Llegó una muchacha a la reja del soportal. Erró una llave en el cerrojo. Luego abrió la reja sin echar de menos al hombre, cuyo rostro, entre rizos encanecidos, seguía reclinado en el intercomunicador.
—Debo confesarle algo —dijo de repente, al engendrar un aborto en el silencio que ella no censuraba—. Por cierto —continuó luego que la chica entrara al vestíbulo del edificio—, una confesión al margen de este coloquio: acabo de ver una chica que llevaba puestas diminutas mordazas de color rosa. En vano, ese pálido color acalla sus partes de mujer plena. Deseé poseerla más allá de sus reticencias y aprobaciones.
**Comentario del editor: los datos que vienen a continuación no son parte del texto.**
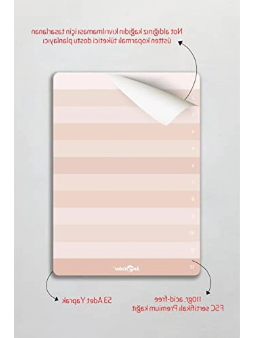 Kullanıcıların günlük planlarını düzenlemelerine yardımcı olan bu numaralı planlayıcı blok, sade ve doğal bir tasarıma sahiptir. Planlama yaparken ihtiyaç duyacağınız tüm alanları sağlayarak, hedeflerinizi belirlemenize yardımcı olur. Kaliteli kağıdı sayesinde yazım akıcılığı sunar. Hem profesyoneller hem de öğrenciler için ideal olan bu planlayıcı, günlük yaşamınızı organize etmek için mükemmel bir araçtır.
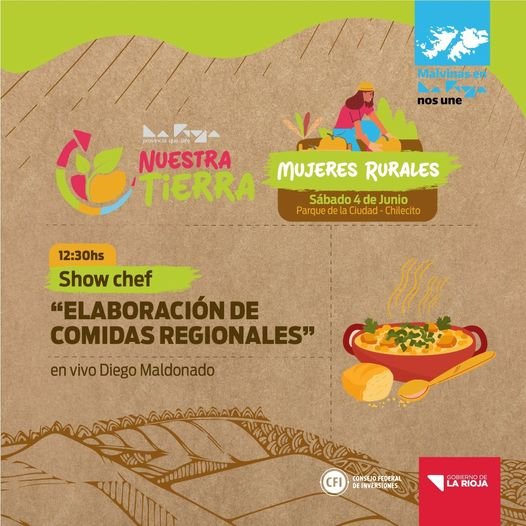CHILECITO SE PREPARA PARA VIVIR UNA GRAN JORNADA CON EL EVENTO «MUJERES RURALES» Federico conteras 1 junio, 2022 Este sábado 4 de junio en el Parque de la Ciudad habrá diversas actividades para disfrutar en familia de forma gratuita. A las 12:30 hs el chef Diego Maldonado cocinará en vivo para los presentes. No se lo pierdan. ¡Los esperamos! COMPARTIR & PUBLICAR

—Ya abusó de ella, ¿no es cierto?
—No, cómo cree. No la conozco. Además, nunca he atinado con mujeres jóvenes, quizá porque no tengo la terquedad física para someterlas ni la templanza psicológica para seducirlas.
—Abusó de ella, ¿verdad?—insistió, escéptica.
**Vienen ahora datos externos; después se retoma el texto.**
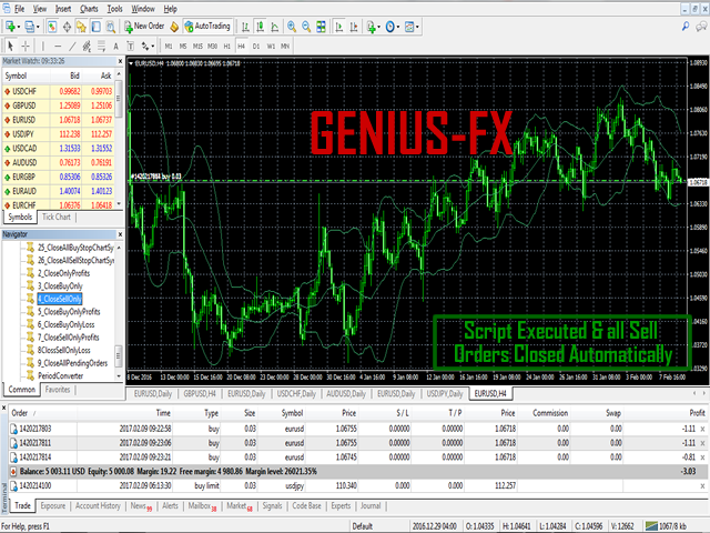 The script closes all sell orders excluding pending orders. It is very helpful in a situation where you have several sell orders and you need to close all of them with just a single click. You do not have to go through each order one at a time to close them, all you have to do is to either double-click the script or drag and drop the script on your chart. The script automates the process very quickly saving you time as well as money. Always remember to check the "Allow automated trading" checkbox of the expert advisor settings in the option menu of your MT4 Platform when using expert advisors and scripts.

—Vamos, mujer. Apenas si tengo el empuje para masturbarme después de un precario monólogo, lo que ha sido de un tiempo acá el único rigor de mi ascética mansedumbre. Por otro lado,  ¿es usted, entonces, mi confesor ahora?
—Si quiere el primer consejo de la religión que a diestra y siniestra nos une, se lo diré sin más. Abordé esa chica, y si se resiste use los medios que pueda multiplicar la capacidad de sus limitaciones.
—Créame que tendré en cuenta el proverbio, en la medida que me sea posible.
—Veo que usted se conforma siempre.
—Tiene razón, señora; es cuestión de conformarse. En fin, no valdría la pena otra cosa que finalmente pruebe lo mismo. Sólo me queda enorgullecerme de ser el testigo de quienes también me rivalizarían con encono, para lo cual la impotencia propia, si no la audaz esperanza ajena, posterga la educación de otros hijos.
—Entonces qué hace para sobrevivir
—Por lo pronto, vivir: vivo mi tiempo, pues más de lo cual no puedo vivir.
— Luego, en este punto, ¿qué es para usted “su tiempo”?
—Es todo lo que no es futuro. Mi tiempo es simplemente mi edad, o la edad de mi prójimo medida en el curso de la mía. Y el futuro sólo es el tiempo que a mi me sobra o el tiempo que me sobró. Por ejemplo, el mundo es inconcluso y mi suicidio me haría semejante a él; el no suicidarme tampoco contradice la finalidad especifica del mundo. Digamos que mi tiempo es eso y también lo otro a lo que yo puedo llamar “lo otro”. Soy quien soy y no soy quien tenga la edad de anular sus posibilidades.
—Entonces, la única diferencia entre un ambicioso y un conformista es el libre albedrío del primero y el destino fijo del segundo. Eso rotula sin rodeos, ¿no es cierto?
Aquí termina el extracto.